== Segment start ==

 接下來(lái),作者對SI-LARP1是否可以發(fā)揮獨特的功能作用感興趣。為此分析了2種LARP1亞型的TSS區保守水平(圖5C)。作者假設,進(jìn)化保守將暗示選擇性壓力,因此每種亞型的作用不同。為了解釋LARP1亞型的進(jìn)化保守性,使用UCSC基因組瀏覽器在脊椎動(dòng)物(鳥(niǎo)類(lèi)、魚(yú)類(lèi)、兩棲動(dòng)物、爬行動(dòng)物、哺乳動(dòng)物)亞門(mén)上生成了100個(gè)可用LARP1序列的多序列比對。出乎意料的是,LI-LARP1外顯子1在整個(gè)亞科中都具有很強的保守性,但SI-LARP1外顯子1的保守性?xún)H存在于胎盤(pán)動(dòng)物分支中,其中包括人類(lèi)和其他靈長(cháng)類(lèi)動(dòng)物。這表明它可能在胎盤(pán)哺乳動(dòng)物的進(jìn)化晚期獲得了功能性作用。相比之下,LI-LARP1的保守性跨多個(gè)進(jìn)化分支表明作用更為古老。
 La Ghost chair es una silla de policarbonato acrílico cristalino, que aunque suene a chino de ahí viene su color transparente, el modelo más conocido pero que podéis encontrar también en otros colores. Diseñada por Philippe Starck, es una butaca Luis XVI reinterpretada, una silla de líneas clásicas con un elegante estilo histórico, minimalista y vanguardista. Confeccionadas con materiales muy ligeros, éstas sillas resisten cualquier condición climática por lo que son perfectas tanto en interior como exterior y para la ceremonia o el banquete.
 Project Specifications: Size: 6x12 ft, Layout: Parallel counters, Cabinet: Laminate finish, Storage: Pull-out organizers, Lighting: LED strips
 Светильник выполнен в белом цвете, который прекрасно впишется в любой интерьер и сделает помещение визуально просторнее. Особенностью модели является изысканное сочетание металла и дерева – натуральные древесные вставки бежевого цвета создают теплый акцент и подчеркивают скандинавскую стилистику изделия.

== Segment end ==
== Segment start ==

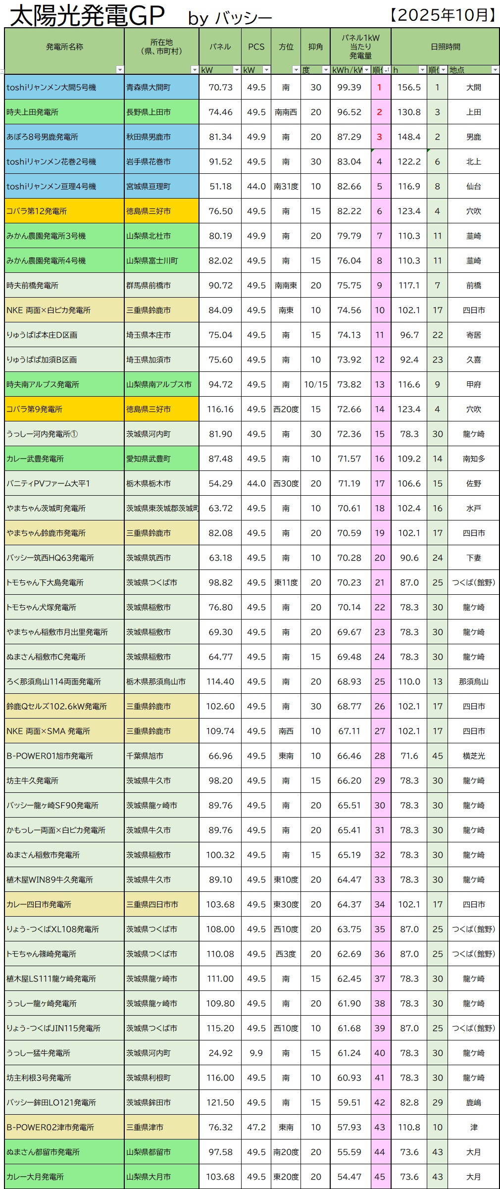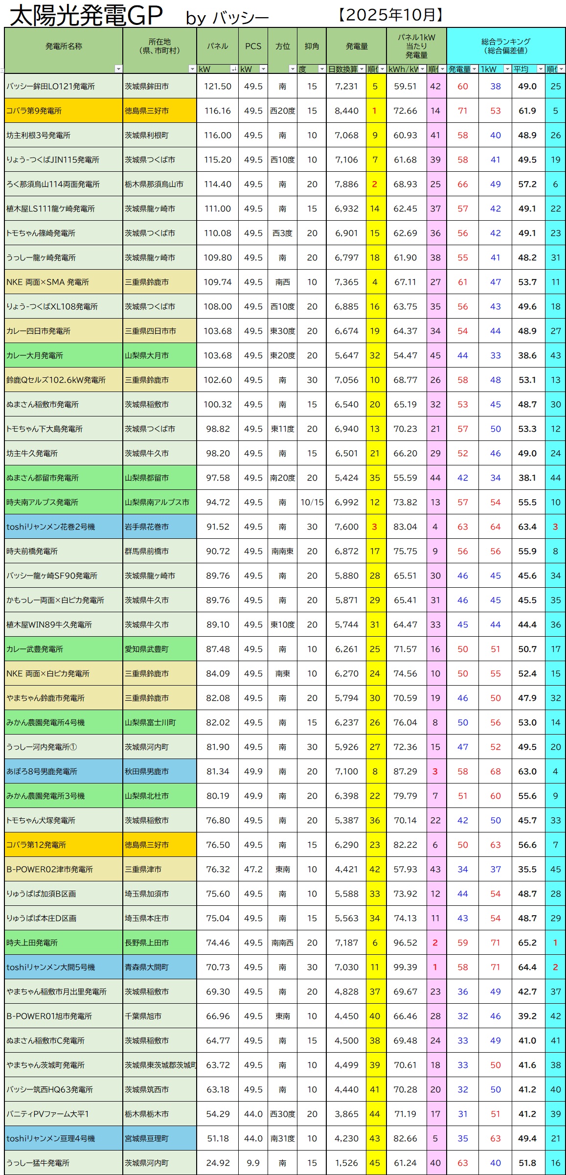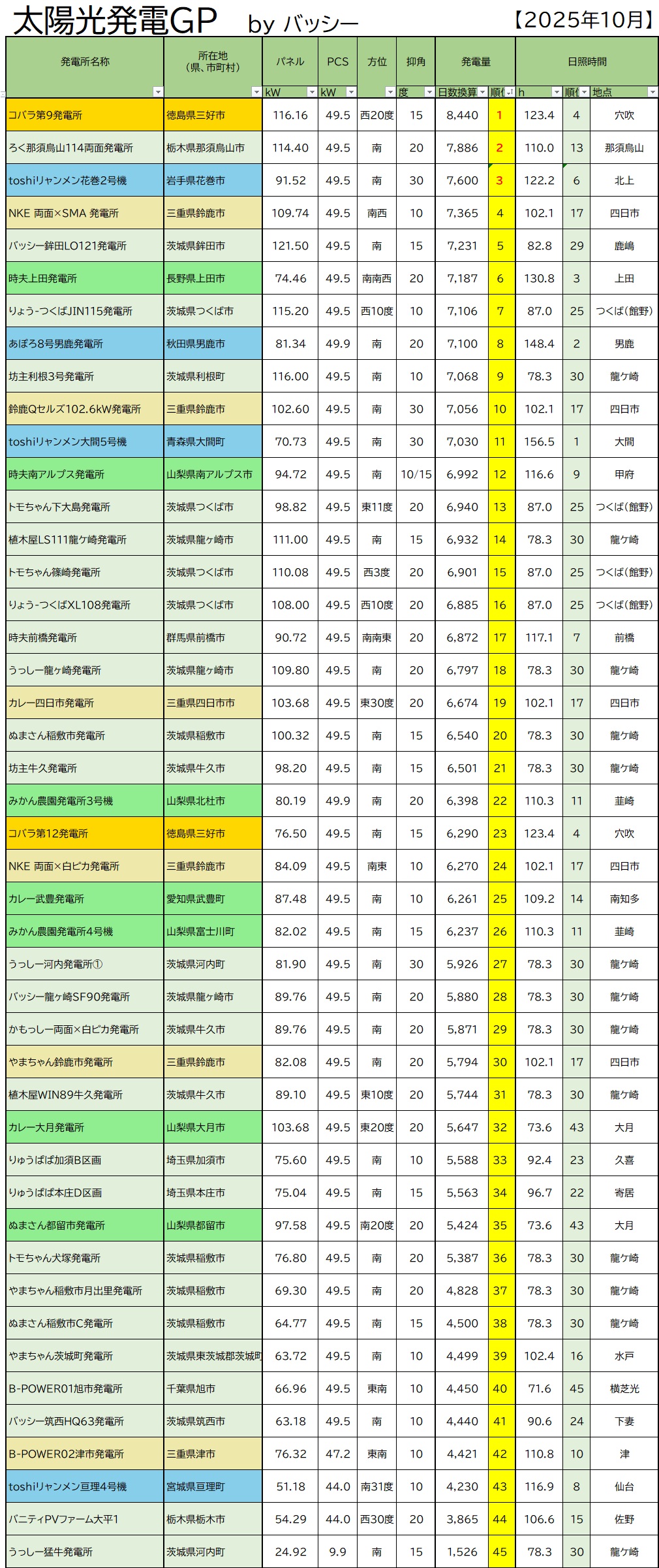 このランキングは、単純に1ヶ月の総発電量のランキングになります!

== Segment end ==
== Segment start ==

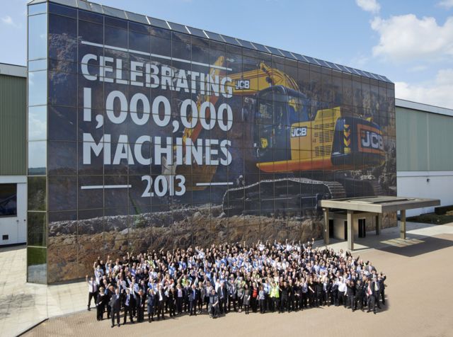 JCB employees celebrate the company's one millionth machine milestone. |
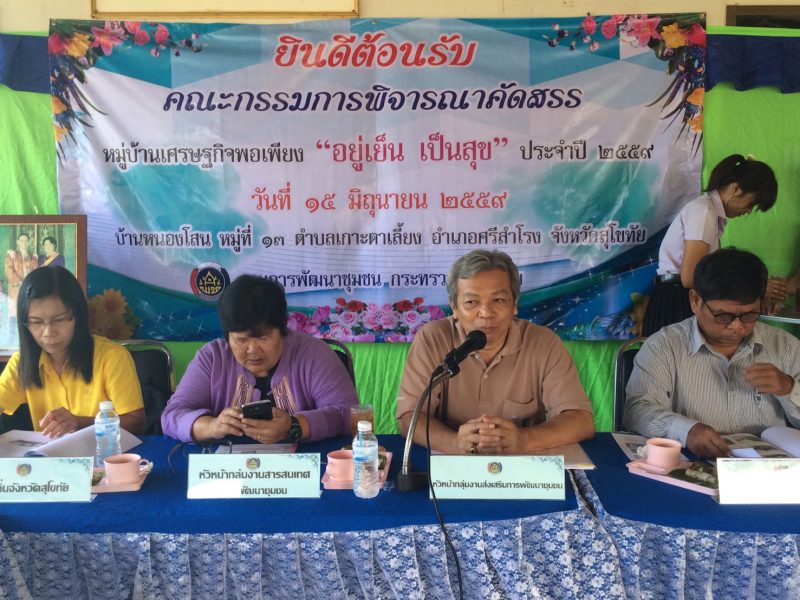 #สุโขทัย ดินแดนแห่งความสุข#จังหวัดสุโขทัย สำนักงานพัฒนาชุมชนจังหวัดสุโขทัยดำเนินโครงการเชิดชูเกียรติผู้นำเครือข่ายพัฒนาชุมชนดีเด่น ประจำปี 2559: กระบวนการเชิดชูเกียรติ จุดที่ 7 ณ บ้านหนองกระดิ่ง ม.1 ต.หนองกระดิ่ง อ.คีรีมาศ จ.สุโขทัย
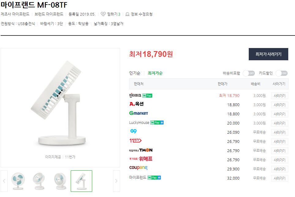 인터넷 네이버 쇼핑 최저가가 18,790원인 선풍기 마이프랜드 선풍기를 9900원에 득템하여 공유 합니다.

== Segment end ==

**WHAT TO PRODUCE:** Look above for the line with "ต.หนองกระดิ่ง อ.คีรีมาศ จ.สุโขทัย"; quote it and every line after it, stopping after the line with "인터넷 네이버 쇼핑 최저가가", exactly, with nothing added and without pictures.

**OUTPUT FOR THIS TASK:**
 #สุโขทัย ดินแดนแห่งความสุข#จังหวัดสุโขทัย สำนักงานพัฒนาชุมชนจังหวัดสุโขทัยดำเนินโครงการเชิดชูเกียรติผู้นำเครือข่ายพัฒนาชุมชนดีเด่น ประจำปี 2559: กระบวนการเชิดชูเกียรติ จุดที่ 7 ณ บ้านหนองกระดิ่ง ม.1 ต.หนองกระดิ่ง อ.คีรีมาศ จ.สุโขทัย
 인터넷 네이버 쇼핑 최저가가 18,790원인 선풍기 마이프랜드 선풍기를 9900원에 득템하여 공유 합니다.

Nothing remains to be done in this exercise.